The majority of histone-mediated regulation stems from histone modification, most
often modification of the exposed amino termini of histones protruding from the
nucleosome core. The predominant histone modifications include acetylation, methylation,
phosphorylation, ubiquitination and sumoylation, with thousands of potential
combinations of modifications within a single nucleosome. Of these, histone acetylation
and methylation are the best understood, and some general trends have been observed.
Trimethylation of histone H3, specifically the lysine at position 4 (H3K4me3), is a mark
associated with transcriptionally active chromatin, whereas H3K27me3 leads to compact
chromatin, which represses gene expression. The term “histone code” is used to describe
how different combinations of histone modifications affect transcription levels.
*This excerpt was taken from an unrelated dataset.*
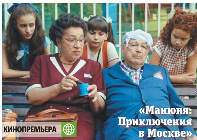
78-летний Евгений Петросян впервые сыграл в кино – в фильме «Манюня: Приключения в Москве»

На экраны вышло продолжение комедии про приключения подружек-пионерок Манюни, Маринэ и Каринэ, которые на сей раз оказались в Москве и встретили там Юрия Никулина

Identification of proteins that read, write or erase these marks is critical to help
unravel the complexities of epigenetic regulation. Chromatin immunoprecipitation (ChIP)
is a powerful assay to identify proteins that bind to chromatin and map protein binding
throughout the genome using techniques such as microarray analysis or high-throughput
sequencing.
In ChIP analysis, protein:protein and protein:DNA complexes are crosslinked,
immunoprecipitated using an antibody against the protein of interest and purified. The
DNA sequence of interest then is amplified from the immunoprecipitated material using
PCR. Alternatively, the immunoprecipitated DNA can be sequenced (ChIP-seq) or analyzed
using microarrays (ChIP-chip) to identify target sequences.
One challenge of the traditional ChIP method is the availability of specific
antibodies that recognize crosslinked epitopes. To overcome the need for suitable
antibodies, Promega scientists developed the HaloCHIP™ System (Figure 16.3).
This system takes advantage of the HaloTag
®
protein,
which is a mutated hydrolase (Los et al. 2005; Los and Wood, 2007;
Los et al. 2008; Hartzell et al. 2009) that
catalyzes a covalent attachment to a variety of ligands, including a resin-based ligand
for immobilization. This tag can be fused to any protein; for ChIP, the DNA-binding
protein of interest is fused to the HaloTag
®
protein
by cloning the protein-coding region into a HaloTag
®
vector. The recombinant construct is transfected into cells for stable or transient
expression, then cells are treated with formaldehyde to induce covalent protein:DNA and
protein:protein crosslinks, lysed and sonicated to shear the DNA into smaller fragments.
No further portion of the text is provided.